Read Deception (Daughters of Mannerling 3) Online
Authors: M.C. Beaton
‘Not good, Miss Lizzie, and that’s a fact. They do say that Mr Harry is gone into a decline, what with the shame of it all.’
Lizzie paled. ‘What if he dies and Abigail is blamed for it?’
‘Now, then,’ said Barry comfortably, ‘I did not mean to alarm you. See, to my way of thinking, Mr Harry is so keen to get out of the army and stay at Mannerling that he will pull every trick in the book. I do not believe for a moment that one is really ill.’
Harry sat at the toilet-table in his bedroom and carefully applied another layer of white lead cosmetic to his face. He then extracted a little lampblack and applied interesting dark circles under his eyes.
He practised a few groans and, satisfied with the effect, he climbed back into bed, pulled the
Sporting Life
from under his pillows where he had hidden it, and settled back for an enjoyable read.

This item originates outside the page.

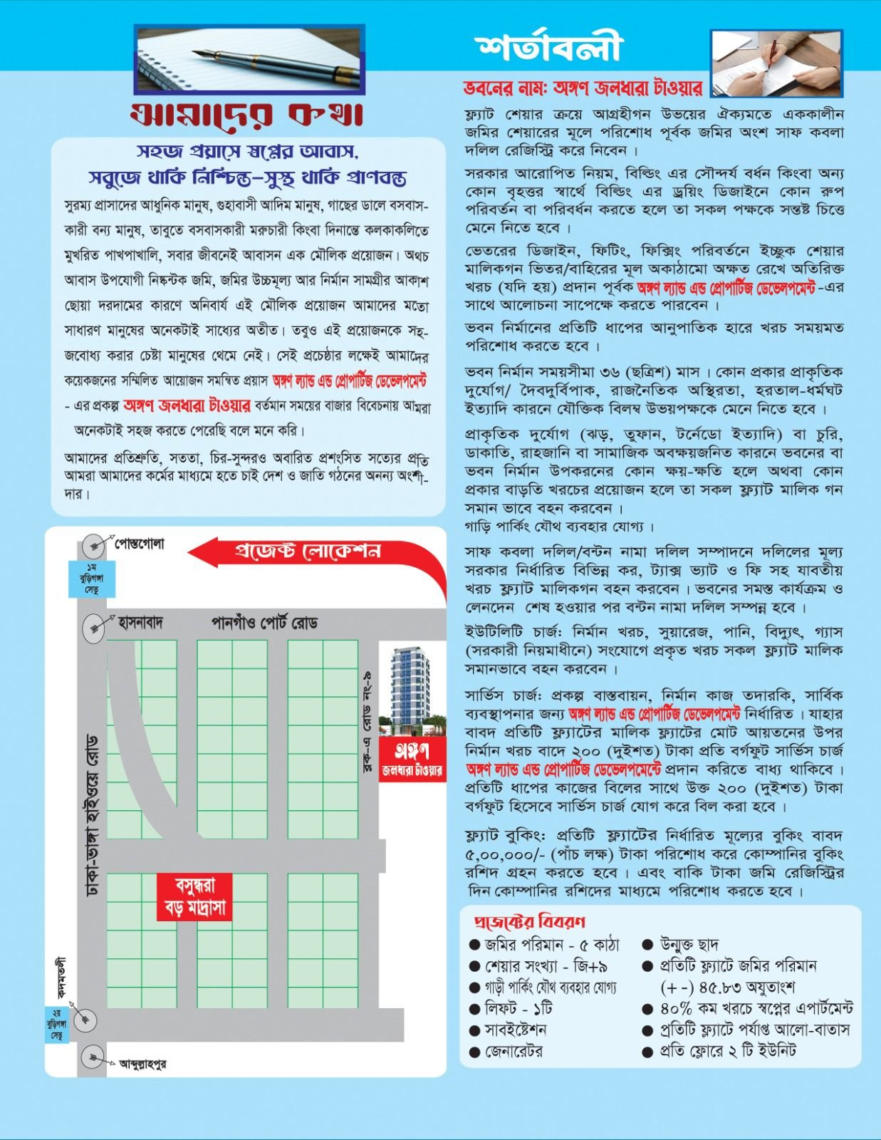 সুরম্য প্রাসাদের আধুনিক মানুষ, গুহাবাসী আদিম মানুষ, গাছের ডালে বসবাসকারী বন্য মানুষ, তাবুতে বসবাসকারী মরুচারী কিংবা দিনান্তে কলকাকলিতে মুখরিত পাখপাখালি—সবার জীবনেই আবাসন এক মৌলিক প্রয়োজন। অথচ আবাসন উপযোগী নিষ্কণ্টক জমির সংকট, জমির উচ্চমূল্য এবং নির্মাণসামগ্রীর আকাশছোঁয়া দামের কারণে এই অনিবার্য মৌলিক প্রয়োজন আজ আমাদের মতো সাধারণ মানুষের অনেকটাই সাধ্যের বাইরে চলে যাচ্ছে। তবুও এই প্রয়োজনকে সহজ ও সবার নাগালে আনার চেষ্টা মানুষের থেমে নেই। সেই প্রচেষ্টার লক্ষ্যেই আমাদের কয়েকজনের সম্মিলিত আয়োজন ও সমন্বিত প্রয়াসে অঙ্গণ ল্যান্ড অ্যান্ড প্রোপার্টিজ ডেভেলপমেন্ট-এর প্রকল্প অঙ্গণ জলধারা টাওয়ার বর্তমান সময়ের বাজার পরিস্থিতি বিবেচনায় আবাসনের স্বপ্নকে অনেকটাই সহজ ও বাস্তবসম্মত করতে পেরেছে বলে আমরা বিশ্বাস করি। আমাদের প্রতিশ্রুতি সততা, চিরসুন্দর ও সর্বজনস্বীকৃত সত্যের প্রতি অঙ্গীকারবদ্ধ। আমরা আমাদের কর্মের মাধ্যমে দেশ ও জাতি গঠনে একটি অনন্য অংশীদার হতে চাই।

After a few moments, he heard someone approaching. He thrust the paper under his pillow and uttered a few of those well-rehearsed groans. His father and mother came into the room and stood at the end of his bed, looking at him with worry etched on their faces.
‘I have news for you, son,’ said his father in a low voice. ‘Although the wedding did not take place, it is clear to me that you are unfit to return to the army because of the way you have been humiliated. To that end, I agree to your selling out. You may remain here quietly until such time as, God willing, your health is restored.’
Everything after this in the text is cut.